Люди помоложе, узнав, что эти женщины знакомы три четверти века с лишним, воображают, наверное, что время стерло все различия между ними. Никто, кроме них самих, не знает, что разделяло их прежде и в некоторой степени разделяет по сей день: квартирка над помещением почты и таможенной службы, где миссис Кидд жила с матерью и отцом-почтмейстером, – и таунхаус на Ньюгейт-стрит, где жила миссис Кросс с матерью, отцом, двумя сестрами и четырьмя братьями; англиканская церковь, которую посещала миссис Кидд, – и свободная методистская, к которой принадлежала миссис Кросс. Миссис Кидд в двадцать три года связала себя узами брака с учителем естествознания, а миссис Кросс выскочила замуж в семнадцать лет: муж ее ходил на озерных судах, но так и не дослужился до капитана. Миссис Кросс родила шестерых детей, миссис Кидд – троих. Муж миссис Кросс внезапно скончался в возрасте сорока трех лет, не застраховав свою жизнь; муж миссис Кидд, проработав долгие годы директором школы, ушел на покой, переехал с семьей в близлежащий Годрич[43] и получал пенсию. Разрыв сократился лишь в последнее время. Счет сравняло молодое поколение: в плане материальной обеспеченности дети миссис Кросс, хотя и не кончали университетов, почти не уступают детям миссис Кидд. А внуки миссис Кросс заткнут за пояс и тех и других.

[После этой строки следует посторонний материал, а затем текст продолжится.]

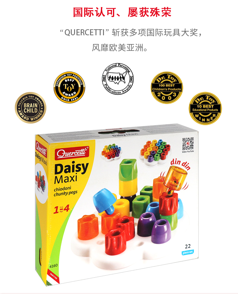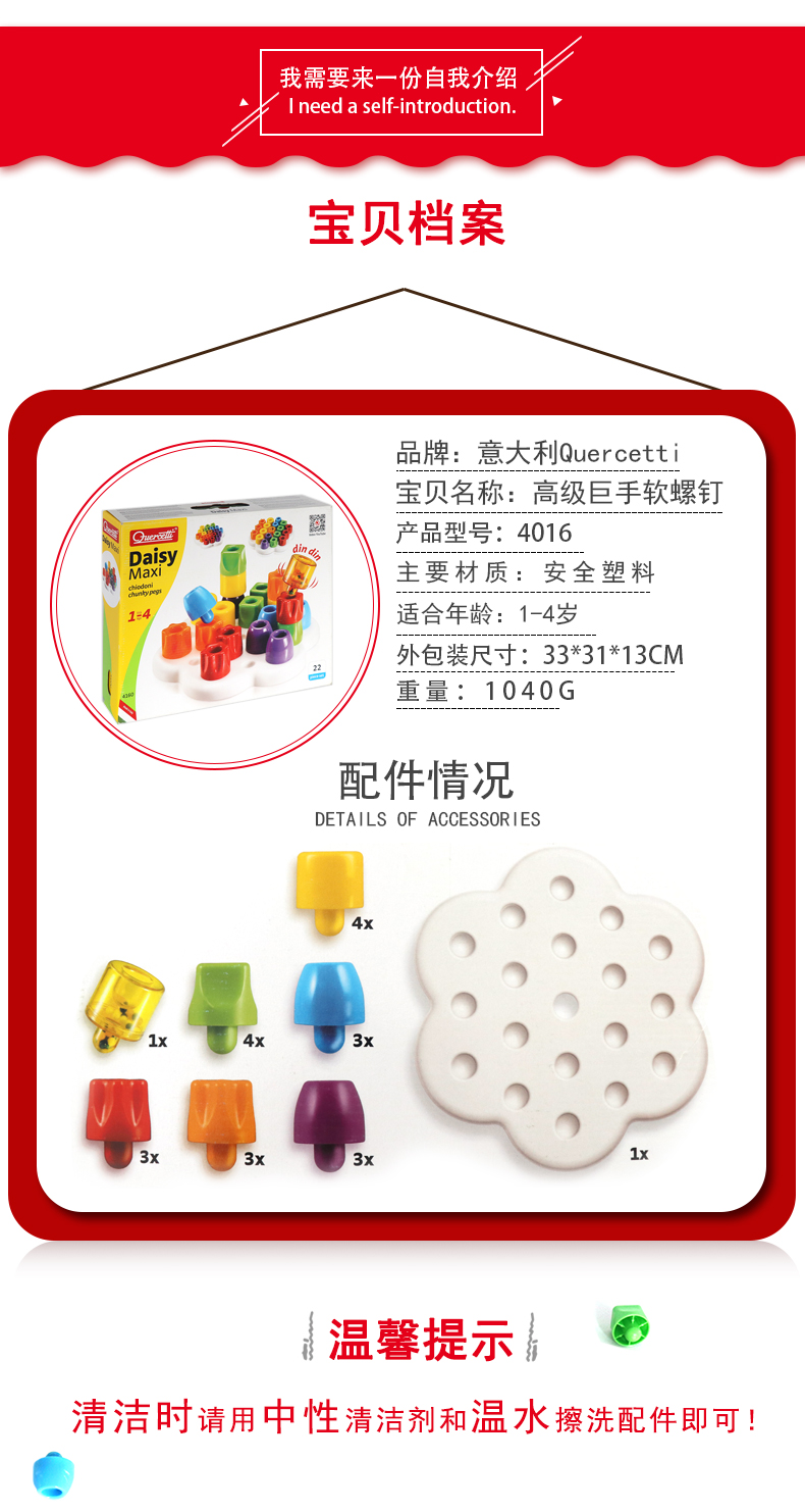 Quercetti启迪 早教系列 巨手软螺钉 Q4160 1+岁 意大利

Миссис Кросс живет в «Доме на холме» три года и два месяца, миссис Кидд – без малого три года. Обе страдают сердечной недостаточностью и передвигаются в креслах-каталках, чтобы сберечь силы. Во время первого же разговора миссис Кидд сказала:
– В упор не вижу здесь холмов.
– Но отсюда видна магистраль, сверху, – ответила миссис Кросс. – Думаю, это имелось в виду. – И спросила: – Тебя куда определили?
– Каждый раз путаюсь. Но комнатка вполне приличная. Одноместная.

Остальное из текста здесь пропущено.